WORK TO BE COMPLETED: Taking the line with "6月30日,莱茵生物证券部工" as the first and the line with "Рисунок 3. Гиперплазия" as the last, set down the lines below exactly, pictures excluded.

DATA TO EXAMINE:

◆ ◆ ◆ ◆ ◆ ◆ ◆

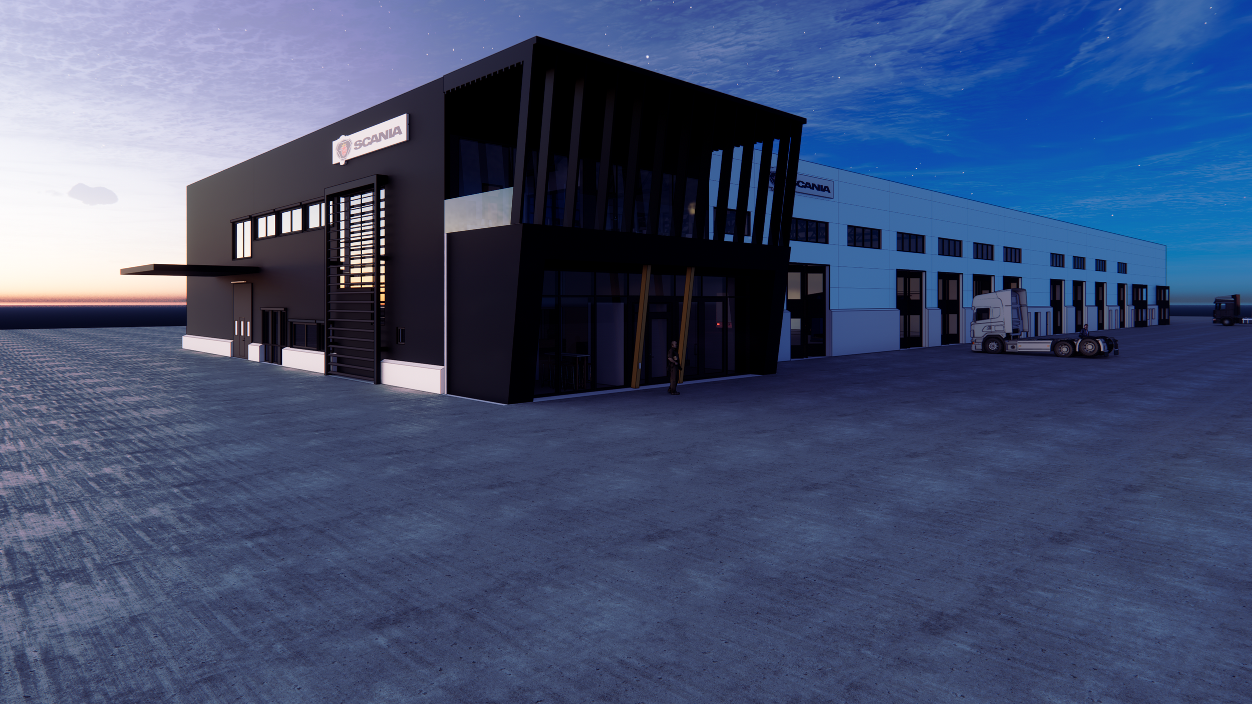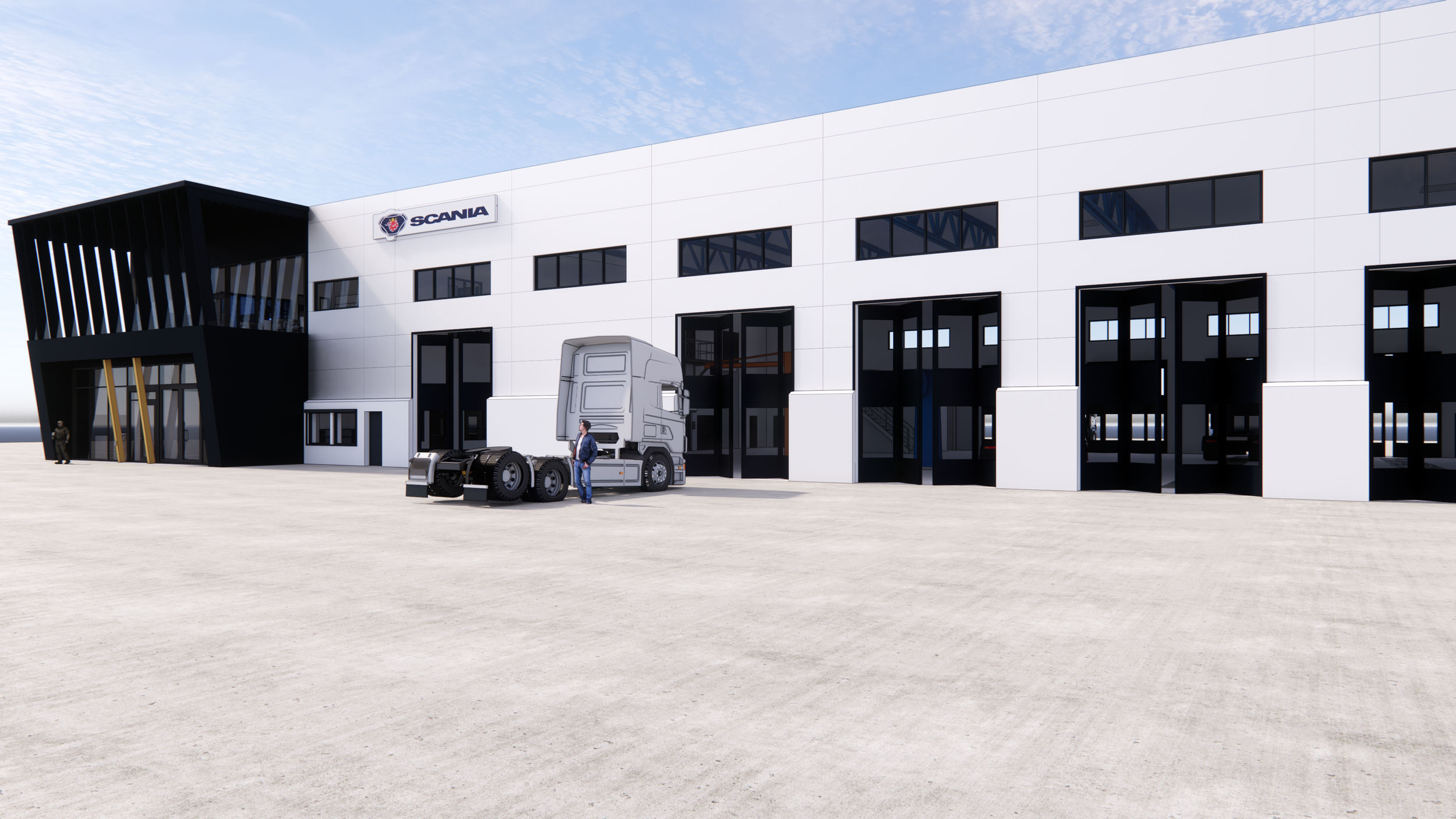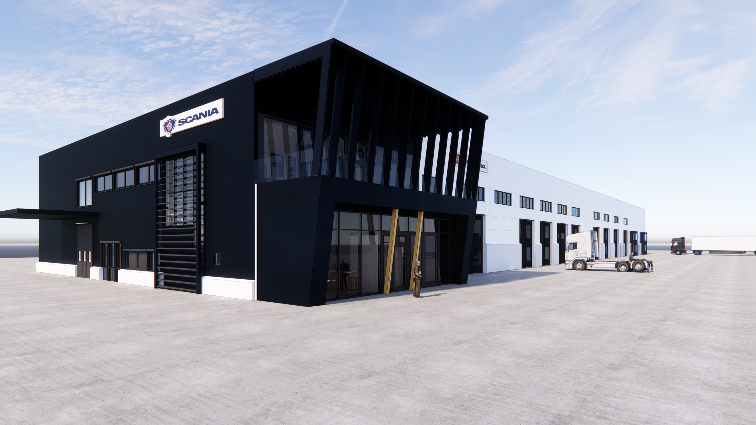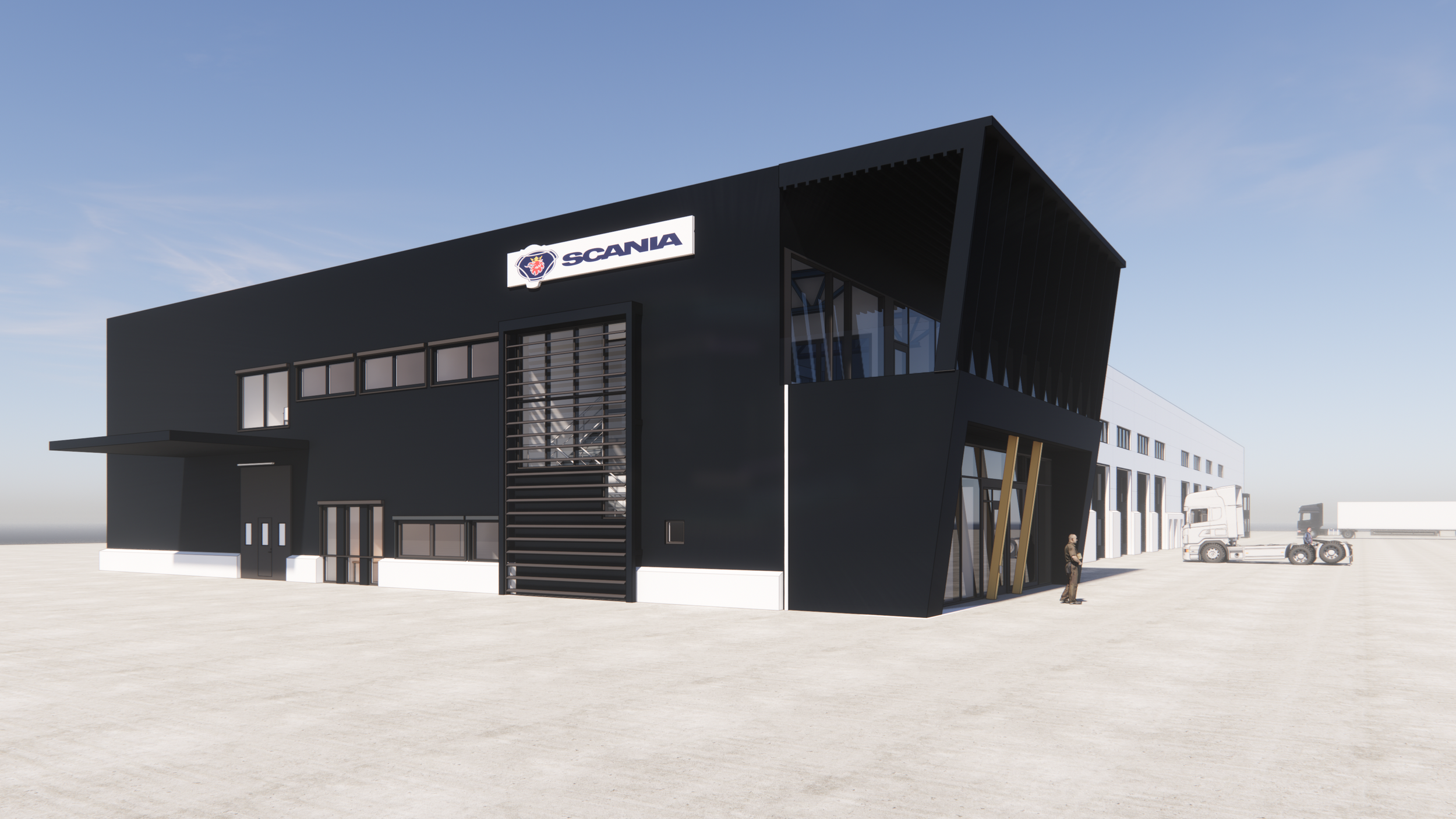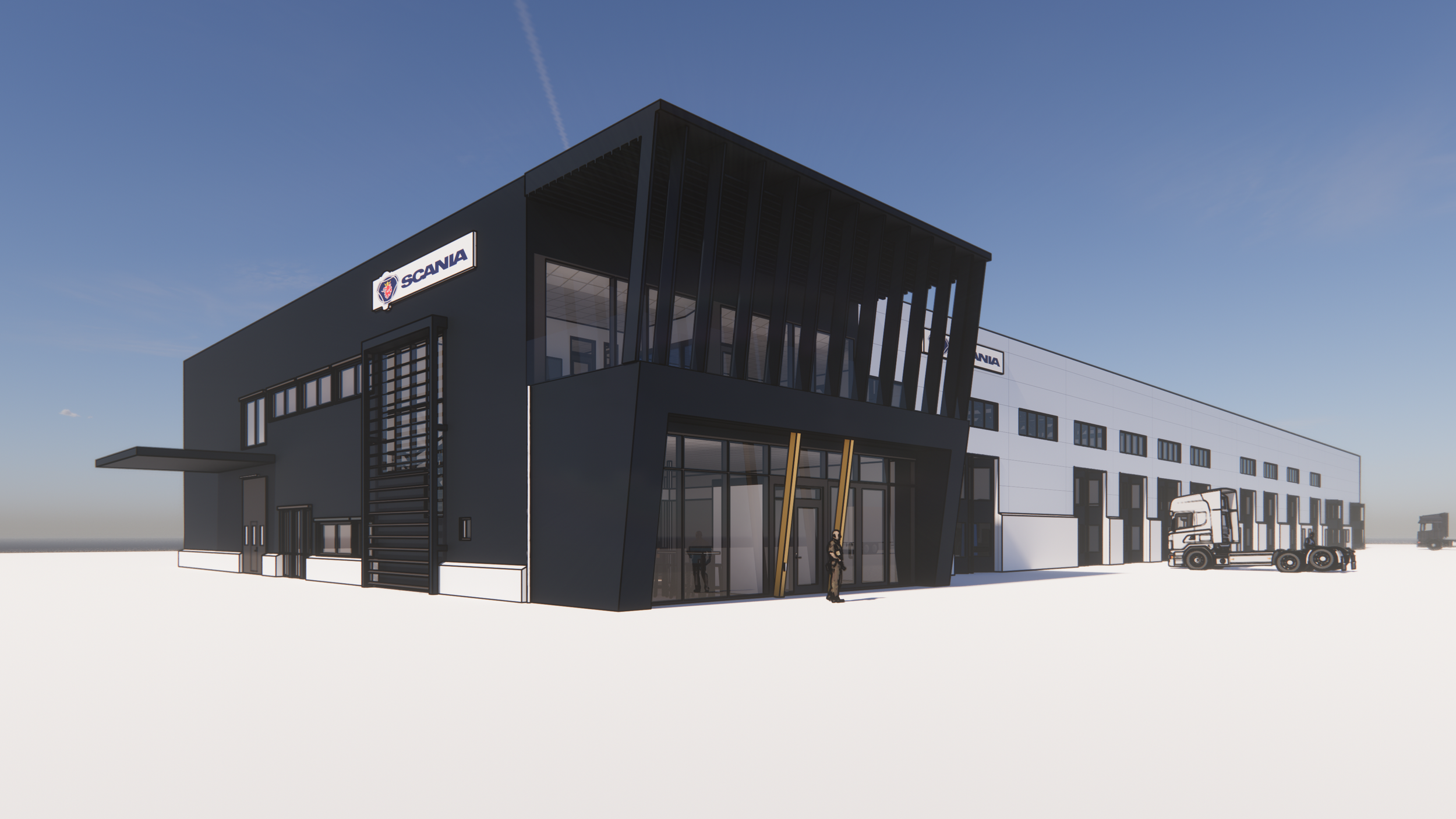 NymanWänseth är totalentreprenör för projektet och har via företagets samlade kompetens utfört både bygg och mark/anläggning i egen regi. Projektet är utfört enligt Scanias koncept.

◆ ◆ ◆ ◆ ◆ ◆ ◆

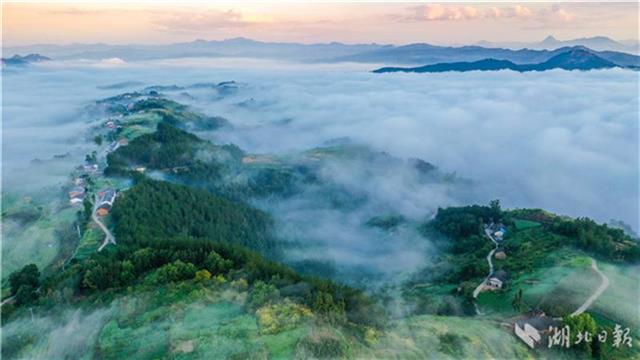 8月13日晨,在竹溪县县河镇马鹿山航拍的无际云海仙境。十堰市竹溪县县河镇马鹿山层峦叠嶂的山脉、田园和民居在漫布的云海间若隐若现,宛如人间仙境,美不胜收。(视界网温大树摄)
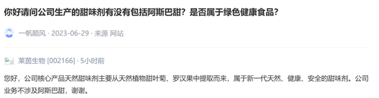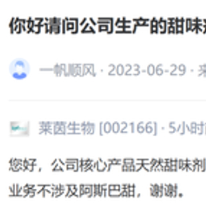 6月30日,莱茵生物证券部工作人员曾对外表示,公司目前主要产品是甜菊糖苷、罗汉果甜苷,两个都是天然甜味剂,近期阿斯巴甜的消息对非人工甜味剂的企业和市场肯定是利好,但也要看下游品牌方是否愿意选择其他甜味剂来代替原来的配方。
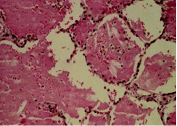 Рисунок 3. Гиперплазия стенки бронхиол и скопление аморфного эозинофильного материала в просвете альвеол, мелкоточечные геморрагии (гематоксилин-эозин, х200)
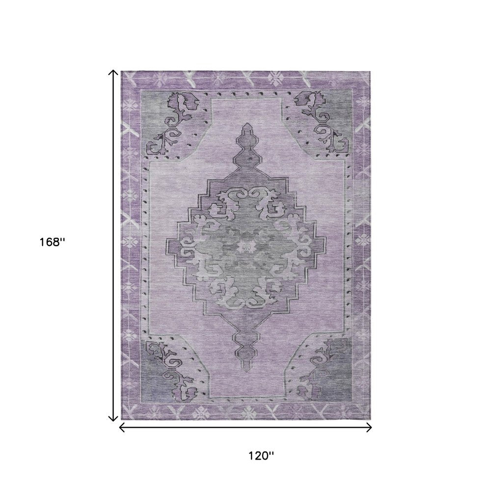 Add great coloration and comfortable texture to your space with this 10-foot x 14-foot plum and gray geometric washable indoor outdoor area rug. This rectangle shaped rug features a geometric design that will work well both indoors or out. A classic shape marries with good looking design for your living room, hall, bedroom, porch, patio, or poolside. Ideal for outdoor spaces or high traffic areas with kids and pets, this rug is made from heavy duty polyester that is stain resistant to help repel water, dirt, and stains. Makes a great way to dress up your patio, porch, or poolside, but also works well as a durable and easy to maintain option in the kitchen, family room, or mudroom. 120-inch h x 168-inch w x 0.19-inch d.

◆ ◆ ◆ ◆ ◆ ◆ ◆

ANSWER SECTION:
 6月30日,莱茵生物证券部工作人员曾对外表示,公司目前主要产品是甜菊糖苷、罗汉果甜苷,两个都是天然甜味剂,近期阿斯巴甜的消息对非人工甜味剂的企业和市场肯定是利好,但也要看下游品牌方是否愿意选择其他甜味剂来代替原来的配方。
 Рисунок 3. Гиперплазия стенки бронхиол и скопление аморфного эозинофильного материала в просвете альвеол, мелкоточечные геморрагии (гематоксилин-эозин, х200)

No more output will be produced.